Scientific Description

Common name. Sheep's Burnet, Salad Burnet. Family Rosaceae.

Habit and leaf form. Herbs; evergreen. Annual, or perennial. Leaves basal, or cauline. Plants with a basal concentration of leaves; to 0.1–2 m high; rhizomatous. Helophytic, or mesophytic. Not heterophyllous. Leaves medium-sized; not fasciculate; alternate; spiral; not decurrent on the stems; ‘herbaceous’, or leathery; imbricate, or not imbricate; petiolate. Petioles wingless. Leaves sheathing; compound; epulvinate; pinnate; imparipinnate. Leaflets 3–25; 0.5–5 cm long. Lateral leaflets opposite. Leaflets not stipellate; epulvinate; elliptic, or ovate, or obovate, or obtriangular, or orbicular; cordate, or rounded at the base; flat; without lateral lobes. Leaflet margins flat. Leaf blades dorsiventral; pinnately veined; cross-venulate. Mature leaf blades adaxially glabrous; abaxially glabrous, or pilose, or villous. Leaves with stipules.

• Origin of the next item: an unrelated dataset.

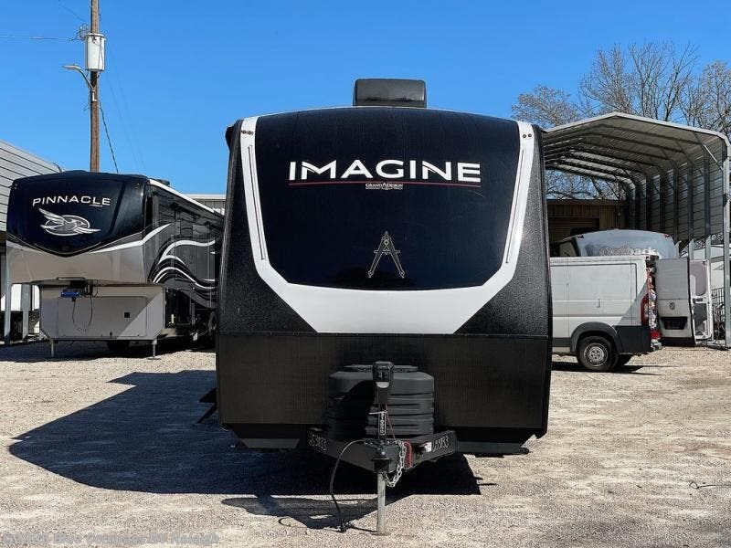 Just imagine leaving the world behind and secluding yourself away with your favorite people in your Grand Design Imagine travel trailer! The Imagine has been designed to enjoy extended season camping and includes a high-capacity furnace, a heated and enclosed underbelly with suspended tanks, a designated heat duct to the subfloor, and a high-density roof insulation with attic vent. You'll have maximum head room on the interior with 81" radius ceilings, and large panoramic windows to let in natural lighting. The exclusive drop-frame pass-through storage compartment is going to allow you to bring along lots of equipment, and the universal docking station is an all-in-one location for utilities and hook-ups. You'll also have oversized tank capacities so that you can fill and empty your tanks less often.

Stipules intrapetiolar; adnate to the petiole (those of basal leaves adnate for entire length, forming membraneous wings; those of cauline leaves basally adnate with free apices); free of one another; ochreate, or not ochreate (partly sheathing the stems); leafy; persistent. Leaf blade margins crenate, or serrate, or dentate (deeply); not prickly; flat. Vegetative buds scaly. Leaves without a persistent basal meristem. Leaf anatomy. Hairs present. Unicellular hairs present. Complex hairs absent. Stem anatomy. Secondary thickening developing from a conventional cambial ring.

Reproductive type, pollination. Fertile flowers hermaphrodite, or functionally male, or functionally female. Unisexual flowers present, or absent (in different species). Plants hermaphrodite, or monoecious, or gynomonoecious, or dioecious, or polygamomonoecious. The unisexual flowers aggregated in different parts of the same inflorescence. Female flowers aggregated in ‘inflorescences’. Male flowers aggregated in ‘inflorescences’. Plants not viviparous; homostylous. Floral nectaries present. Nectar secretion from the disk. Anemophilous (in Western Australia), or entomophilous; via lepidoptera.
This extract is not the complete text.